The company formerly known as BeiGene announced that the drug has been recommended for use in combination with platinum-containing chemotherapy as a neoadjuvant treatment and then continued as monotherapy as an adjuvant treatment in adults with resectable NSCLC at high risk of recurrence.
The Committee for Medicinal Products for Human Use (CHMP)’s decision was supported by results from the late-stage RATIONALE-315 study, in which 56.2% of NSCLC patients treated with Tevimbra in combination with chemotherapy before surgery achieved major pathologic response, compared to 15% of patients randomised to receive chemotherapy in combination with placebo.

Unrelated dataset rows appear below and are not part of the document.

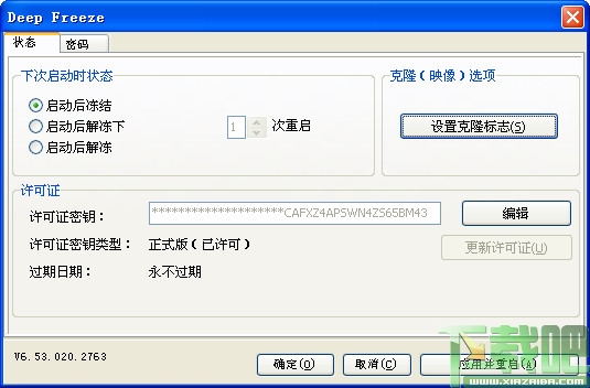 安装Deep Freeze的系统,无论进行了安装文件还是删除文件、更改系统设置等操作,计算机从新启动后,一切将恢复成初始状态,对学校机房、网吧等好处是不言而喻的。
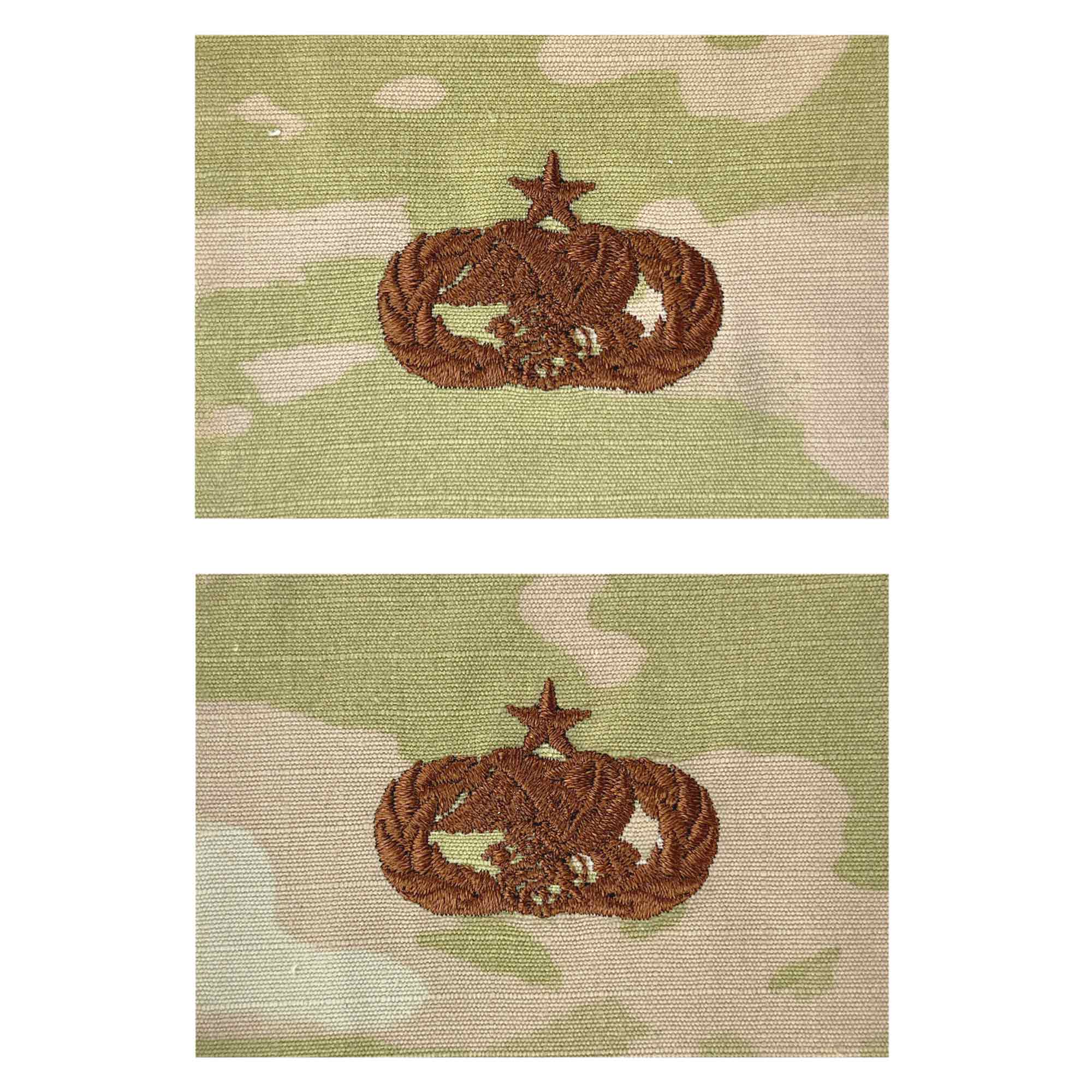 Air Force 3-Color OCP uniform Senior Logistics Readiness badge embroidered. Authorized in 1993 and awarded to officers in the logistics plans and programs career field and to enlisted personnel in the logistics plan career field.
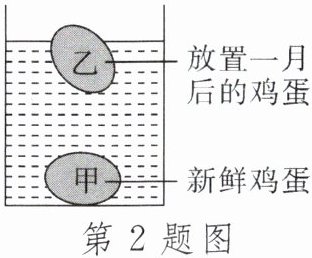 2. 将新鲜度不同的甲、乙两鸡蛋放入水中,静止时甲沉底,如图所示,下列说法正确的是 ()

Pathological complete response was achieved by 40.7% of patients on the Tevimbra-based regimen versus 5.7% of those in the chemotherapy plus placebo cohort. BeOne’s drug also showed benefits in event-free survival and overall survival, and updated data on these endpoints will be submitted for presentation at an upcoming medical conference.
Lung cancer is the third most common cancer in Europe, with 484,306 people diagnosed in 2022 alone. NSCLC accounts for up to 90% of all lung cancer cases, and as many as 30% of patients with this form of the disease have resectable NSCLC at diagnosis.
Given as an intravenous infusion, BeOne’s Tevimbra is a humanised immunoglobulin G4 anti-PD-1 monoclonal antibody that is designed to help the body’s immune cells detect and fight tumours.
The drug is already approved in the EU for a range of NSCLC indications, as well as certain cases of small cell lung cancer, oesophageal squamous cell carcinoma, gastric or gastroesophageal junction adenocarcinoma and nasopharyngeal carcinoma.
Mark Lanasa, chief medical officer, solid tumours at BeOne, said: “Tevimbra is already approved in the EU across multiple settings in NSCLC, the most common form of lung cancer, and this positive CHMP opinion expands its potential to help patients earlier in their treatment journey.”
The European Commission will now review the CHMP’s recommendation as it makes a decision on Tevimbra in this indication.